You've probarbly never considered the prospect of an Irish fairy woman giving birth, but it is supposedly a very difficult experience. It is not uncommon for fairy babies to die during or directly after birth, and those who survive are usually deformed in some way.
Adult fairies admire only beauty, and they have no wish to keep these children. They will attempt to swap them secretly for human infants. These beings are known as "changelings", and it is rumoured that the are ill-tempered and wise beyond their years. To amuse themselves, the fairy babies work dark magic in the household, and are happy only when a disaster befalls their adopted family. They screach and wail all day and all night, and their cries will sometimes reach the point where they can no longer be heard by humans.
The changeling family can be divided into three groups: Actual fairy children, elderly fairies disguised as children, or objects such as pieces of wood or furniture which are given the appearance of an infant by means of fairy magic. The last kind is referred to as a "stock."

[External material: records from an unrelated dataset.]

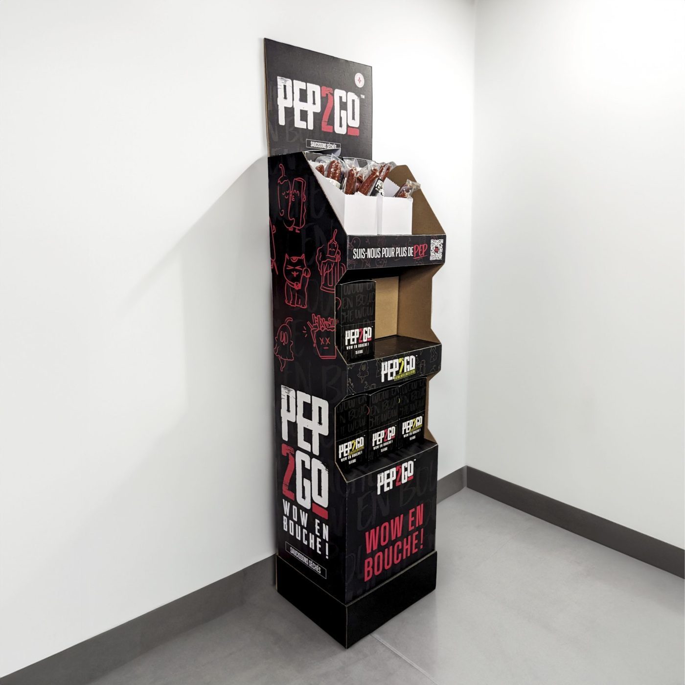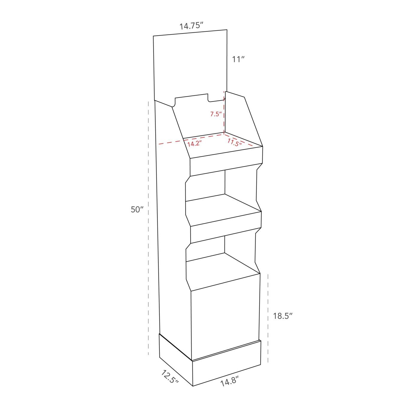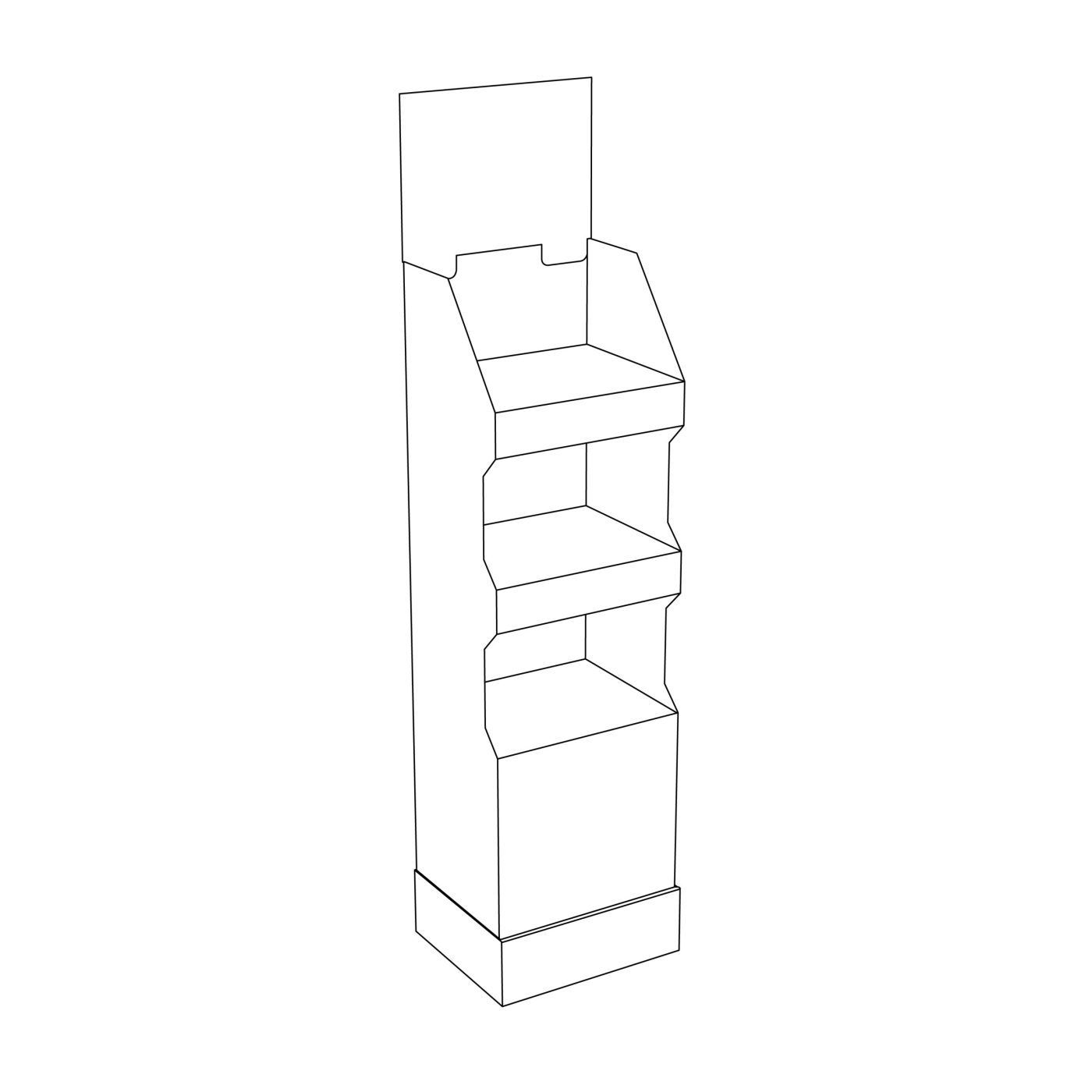 Présentoir de plancher en carton avec 3 tablettes et une en-tête, placé dans un butoir. Pour aliments, produits de beauté, vêtements et plus.
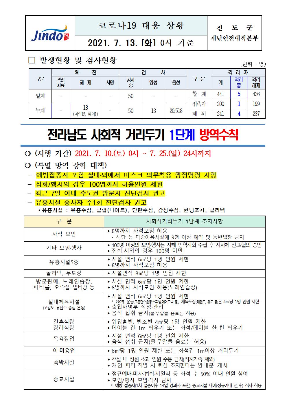 2021년 코로나 19 대응 일일상황보고(7월 13일 0시 기준)
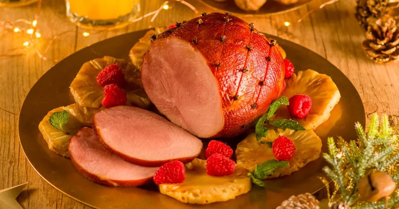 - Com a ponta de uma faca, risque a superfície do tender, formando losangos. Espete os cravos nas junções.
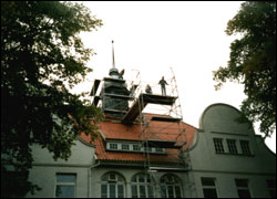 Der Standard-Gerüstaufbau an einem Einfamilienhaus. | Einrüstung eines Glockenturmes, wobei das Gewicht des Gerüstes gleichmäßig über Aufleger auf das Dach verteilt wurde. | Einrüstung einer Wohnanlage bis 25 m Höhe. Für eine Einrüstung mit einer Höhe von mehr als 25 m muss eine Statik erstellt werden. | Einrüstung einer Kirche. |
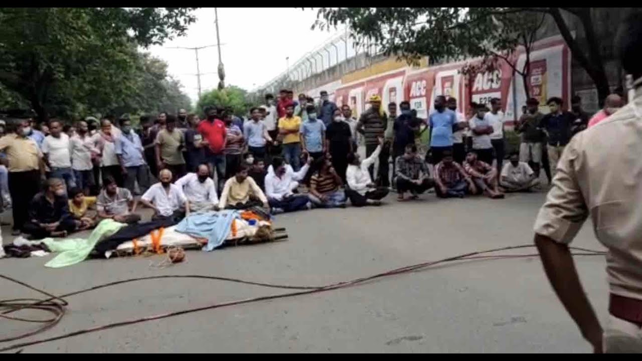 Jamshedpur: The family members of deceased SIS security guard and angry residents of Cable Bustee today blocked the Burmamines-Sakchi Main Road demanding compensation and enquiry into the suspicious death of Mandeep Kumar. They kept the dead body on the main road and were protesting in support of their two demands.
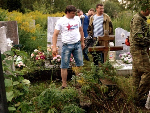 Председатель регионального отделения партии "РОДИНА" в Ярославской области Тарас Сидорин принял участие в обустройстве могил защитников Родины на Игнатовском кладбище.
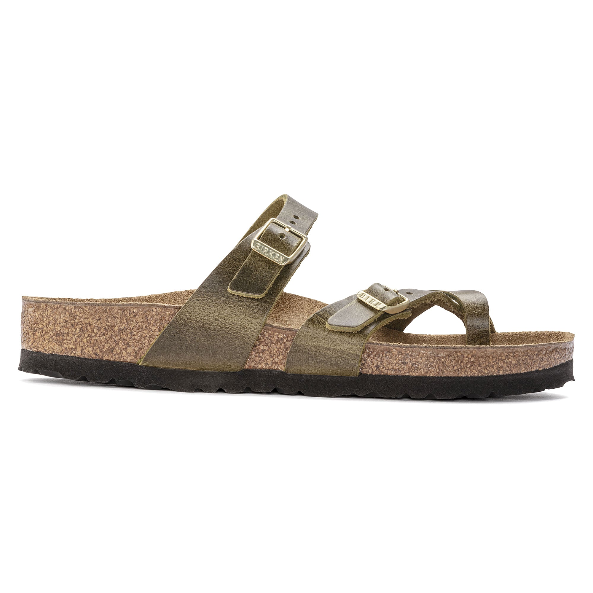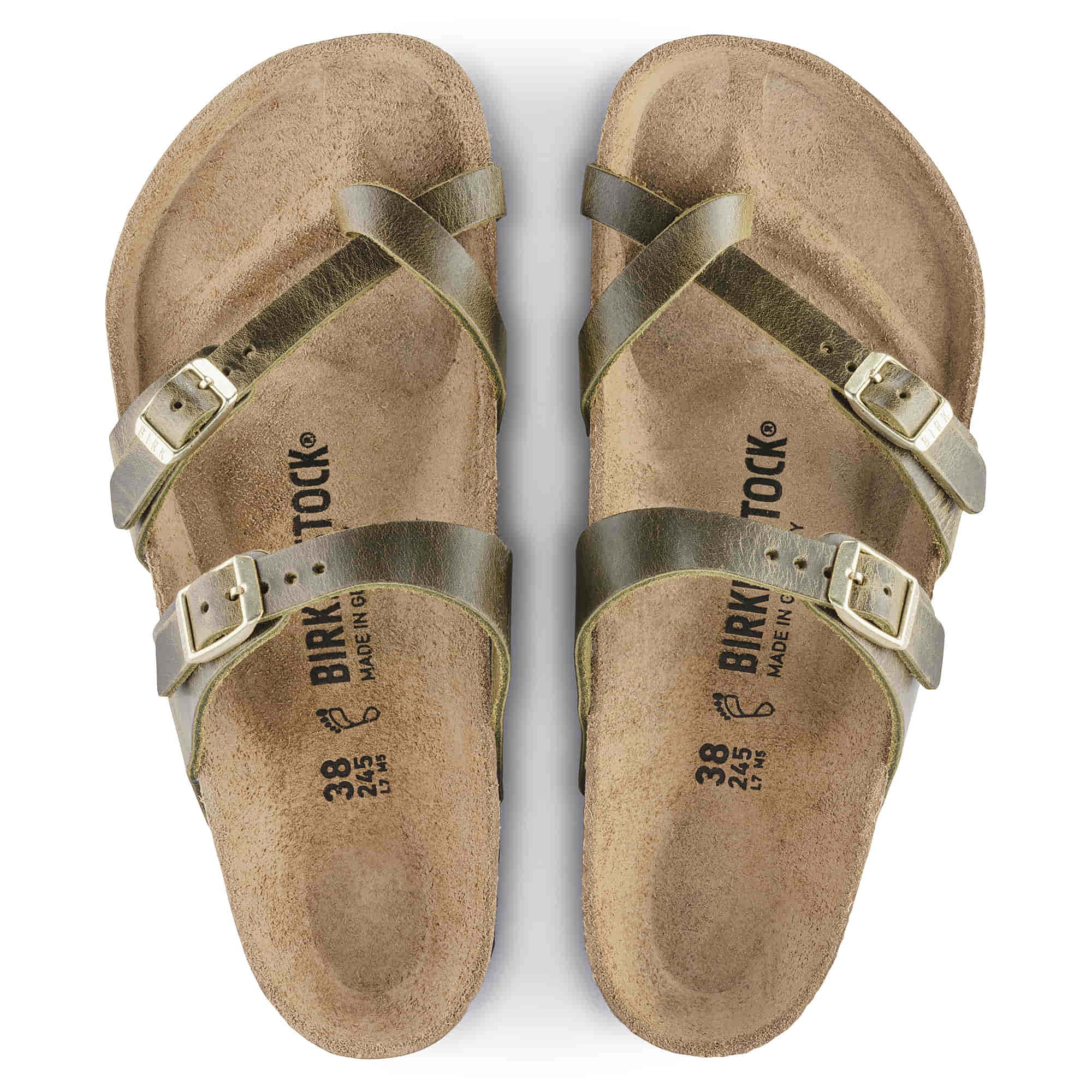 BIRKENSTOCK Mayari thong sandals have a bold design and toe loops. Design meets comfort for this design which accompanies fashion-conscious men and women throughout the day. The upper is made of especially thick, oiled nubuck leather with unfinished edges.

Wrinkled, wizened features, wise, dark eyes and skin with the texture and look of yellowed parchment are all atributes to look out for when trying to identify a changeling. They may also have physical deformities such as a lame hand or crooked back. They will have grown a complete set of teeth after only approximately two weeks in the human household, and will also exhibit legs as slim as chicken bones, and hands that are coated with a light dusting of hair. Their hands will also become curved and claw-like, eventually resembling the talons of a bird.
Changelings feed on good fortune, so only bad luck will befall a family sheltering one. Such households are very likely to be plunged into poverty as they futiley struggle to nurture and support the creature.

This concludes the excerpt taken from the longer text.